Pascal PoupelleLes États-Unis viennent de confirmer qu’ils n’appliqueraient pas Bâle III (ce qui montre une certaine constance puisqu’ils n’avaient déjà pas appliqué Bâle II). Ils ont, il est vrai, fort à faire pour mettre en place la Loi Dodd Frank qui se révèle d’une très grande complexité, avec en particulier la règle Volcker qui vise à bannir le trading pour compte propre. Le nouveau dispositif prudentiel est encore en fait en chantier. Leur système de supervision et de régulation reste par ailleurs très morcelé et hétérogène en qualité. Ils avancent en revanche assez vite sur les mécanismes de résolution, dont ils ont une grande expérience, puisque plus de 600 banques ont fait faillite aux États-Unis depuis la chute de Lehman. Il est important de garder présent à l’esprit, qu’aux États-Unis, c’est le marché qui joue un rôle essentiel sur le financement de l’économie, alors que ce sont les banques en Europe. Une nouvelle donne règlementaire qui briderait davantage notre système bancaire que le système américain serait bien contre-intuitif…

JOL Press : Que diriez-vous à un jeune qui voudrait se lancer dans la banque aujourd’hui ?

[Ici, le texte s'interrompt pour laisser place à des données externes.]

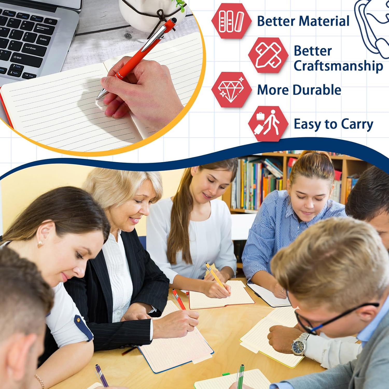 - Retractable Pens: these pens fit into the pen holder of the classic lined notebook; The large tube has the ability to hold more ink, making them long lasting and quick dry, which can avoid smudging, and the other end of the pen can touch the screen

Pascal Poupelle : J’ai été banquier pendant vingt-cinq ans. C’est un très beau métier, exigeant et stimulant intellectuellement. La banque des entreprises, en particulier, est au cœur des mécanismes de création de valeur de nos sociétés et joue un rôle irremplaçable. Les dérives nombreuses et pitoyables des dernières années ne doivent pas faire oublier que la très grandes majorité des banquiers ont fait leur métier avec rigueur et engagement et parfois même avec passion. Il ne reste plus qu’à réhabiliter cette industrie, ce qui prendra incontestablement du temps. Un de mes patrons me rappelait que les banques vivent du crédit qu’elles accordent, mais qu’elles vivent aussi du crédit qu’on leur prête. Il y a fort à faire en la matière dans les années qui viennent…

[image:2,s]Pascal Poupelle, est le Président non-exécutif de The Royal Bank of Scotland  pour la France.
Ancien élève de l’École Polytechnique et ingénieur de l’aviation civile, il a exercé d’importantes responsabilités auparavant, notamment au 
Crédit Lyonnais, au Crédit Agricole et chez Dexia.